The seat belt is known as a “passive safety system”. In the event of an accident the seat belts restraint the passengers within their seats, limiting their body movements sufficiently.
Seat belts thus reduce the chance of injury caused by impact with the windows, dashboard, steering wheel or even adjacent passengers.
Airbags are also classified as passive safety devices, but they supplement the seat belts. Which is why “SRS” (Suplemental Restraint System) is usually embossed wherever an airbag is fitted inside the car.
In contrast, “active safety systems” serve to prevent accidents in the first place. Anti-Lock Braking Systems (ABS) and Electronic Stability Programmes (ESP) are some examples.
Said systems continuously monitor, process and control the dynamic behaviour of the car.
WHY SEAT BELTS STILL MATTER
Seat belts remain the primary passenger-safety element in every vehicle built today.
During a collision, a car will come to a standstill in seconds or less. When this occurs, the occupants experience an abnormally high level of deceleration.
In fact, more than 10 times the acceleration due to gravity (10 G) is not uncommon. If the passenger is not restrained in his seat by a seat belt, he/she will inevitably crash into something inside the car.
The force of this crash is very likely to cause injury.
The standard inertia-reel three-point seat belt allows enough freedom of movement. This is because the belt reel is spring-loaded and winds in to take up any slack.

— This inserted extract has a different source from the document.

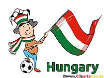 Lizenzfreie Clipart Bilder im Cartoonstil für Nutzung in nicht-kommerziellen Projekten. Cartoon-Bild Fussball ungarischer Sportfan. Unsere Cliparts dürfen kostenlos herunterladen und in einem gängigen Office-Programm modifiziert werden.

You may have experienced, however, that a sudden movement causes the seat belt to lock-up. This is because the reel incorporates a very simple pendulum lock.
Then pendulum lock works by mechanically engaging a wedge into the toothed wheel on the circumference of the reel.

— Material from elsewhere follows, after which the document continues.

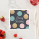 A modern Christmas napkin with colourful festive - gold glitter, pink, and blue - dots. The phrase "Merry Christmas" is set in an whimsically handwritten font.

But what triggers this locking? It is when the pendulum lock is displaced from its mean position by a rapid spin of the reel.

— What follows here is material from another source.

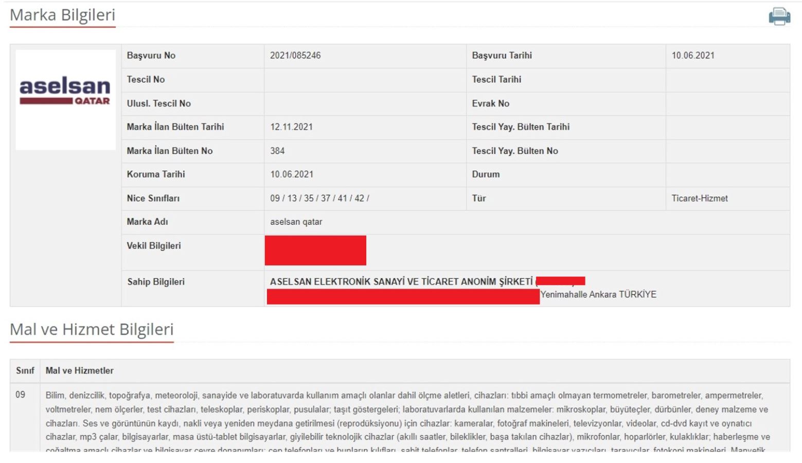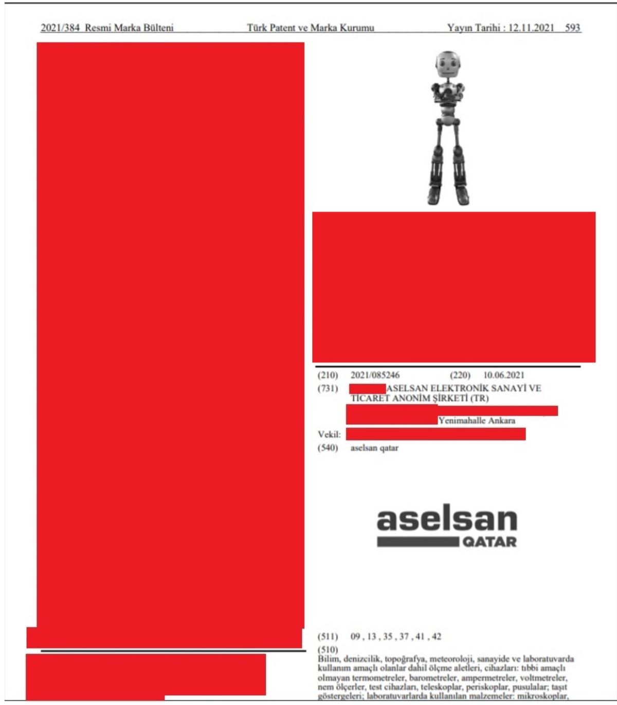 Milli savunma sanayiinin kritik şirketi ASELSAN, Türk Marka ve Patent Kurumu’na başvurarak, “aselsan QATAR” markasını tescil ettirdiği ortaya çıktı.

This can happen during braking and even when static, if the car is not on level ground.
LOCKING DURING SUDDEN DECELERATION
Crucially, the pendulum locks the belt during sudden deceleration, such as in a collision. Inevitably, a small amount of slack exists within the fractional seconds between impart and reel lock-up.
Optimum protection against injury requires the body to be restrained tightly to the seat.
That’s why racing cars feature four-point harnesses (sometimes more) with no inertia reels. These strap the driver firmly to the seat, as impact speeds here are expectedly higher.
But what about regular cars which don’t have these harnesses?
SEAT BELT PRE-TENSIONERS
Some degree of active intervention for the three-point seat belt is necessary in regular cars.
Seat belt pre-tensioner systems were invented to boost the functional effect of the passive safety system.
As its name suggests, this addendum to the seat belt is designed to wind in the reel and take up any slack. In the span of milliseconds, this process ultimately straps the occupant to the seat as tightly as possible.
The entire pre-tensioner system is quite a bit more complex than it sounds. In fact, an ECU is necessary to orchestrate the control sequence.
That means it needs information about the car’s dynamics to be continuously fed.
HOW PRE-TENSIONERS WORK
A series of deceleration sensors measure the rate at which the car’s speed changes. High deceleration levels exceeding the pre-programmed threshold point are processed by the ECU as an accident occurring.
While the ECU can deliver the signal to activate seat belt pre-tensioning, neither a mechanical trigger nor an electric motor can act fast enough.
“Fast” in this scenario means in a shorter time than it takes for the airbag to inflate. On average, an airbag is fully deployed in 40ms or 0.04 of a second. So, the seat belt pre-tensioner must be sufficiently quicker than this.
EXPLOSIVE ACTION
Currently, the only way to re-coil the belt reel fast enough is with pyrotechnics. Once the ECU confirms the occurrence of an impact, it triggers a tiny explosive device in the seat belt reel assembly.
The resulting rapidly expanding gas instantly thrusts a plunger that has a steel cable attached that is wound around the belt reel at the other end. Incredibly, this enables the seat belt to pre-tension within 20 ms.
Held firmly against the seat, the occupants’ forward motion in an accident is restrained. This can prevent or at the very least reduce bodily injury.
That said, even without the latest pre-tensioner feature, the basic inertia-reel seat belt remains one of the most effective passive safety devices ever.
All it needs is the passenger to buckle up.